Empirical Inference, Max-Planck Institute for Intelligent Systems, Tübingen 72076, Germany.
Université Paris Cité, INSERM, UMRS-1124, Paris F-75006, France.
Brief Bioinform. 2024 Jan 22;25(2). doi: 10.1093/bib/bbae014.
Genome-wide association studies (GWAS) have enabled large-scale analysis of the role of genetic variants in human disease. Despite impressive methodological advances, subsequent clinical interpretation and application remains challenging when GWAS suffer from a lack of statistical power. In recent years, however, the use of information diffusion algorithms with molecular networks has led to fruitful insights on disease genes.

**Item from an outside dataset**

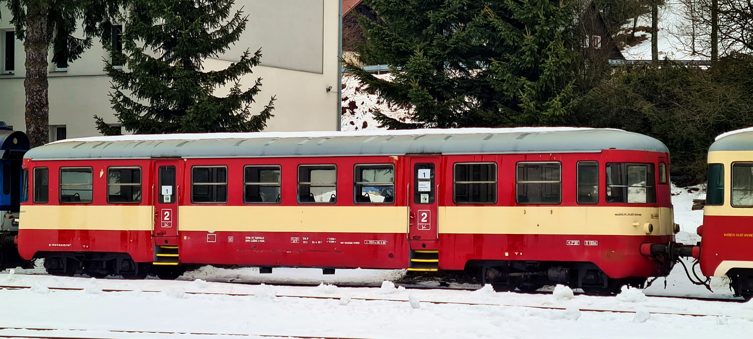 Doczepka serii 020 w składzie z motorakiem 854 225-0 i drugą doczepą , zimująca na skrajnie północnym torze stacji. (Kořenov, 2026-02-05) |
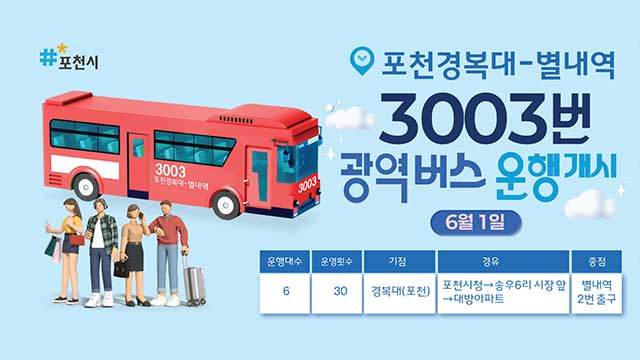 경기 포천시가 광역버스 신규 노선인 3003번(경복대학교–별내역) 노선을 다음 달 1일부터 정식 운행한다고 밝혔습니다.

We present an overview of the design choices and pitfalls that prove crucial in the application of network propagation methods to GWAS summary statistics. We highlight general trends from the literature, and present benchmark experiments to expand on these insights selecting as case study three diseases and five molecular networks. We verify that the use of gene-level scores based on GWAS P-values offers advantages over the selection of a set of 'seed' disease genes not weighted by the associated P-values if the GWAS summary statistics are of sufficient quality. Beyond that, the size and the density of the networks prove to be important factors for consideration. Finally, we explore several ensemble methods and show that combining multiple networks may improve the network propagation approach.
全基因组关联研究 (GWAS) 使对遗传变异在人类疾病中的作用进行大规模分析成为可能。尽管在方法学上取得了令人瞩目的进展,但当 GWAS 缺乏统计效力时,后续的临床解释和应用仍然具有挑战性。然而,近年来,利用分子网络中的信息扩散算法,对疾病基因有了富有成效的认识。
我们概述了在将网络传播方法应用于 GWAS 汇总统计数据时证明至关重要的设计选择和陷阱。我们从文献中强调了一般趋势,并进行了基准实验,以扩展这些见解,选择三种疾病和五个分子网络作为案例研究。我们验证了,如果 GWAS 汇总统计数据的质量足够好,基于 GWAS P 值的基因级评分的使用优于不根据相关 P 值加权选择一组“种子”疾病基因的选择。除此之外,网络的大小和密度被证明是需要考虑的重要因素。最后,我们探索了几种集成方法,并表明结合多个网络可以改进网络传播方法。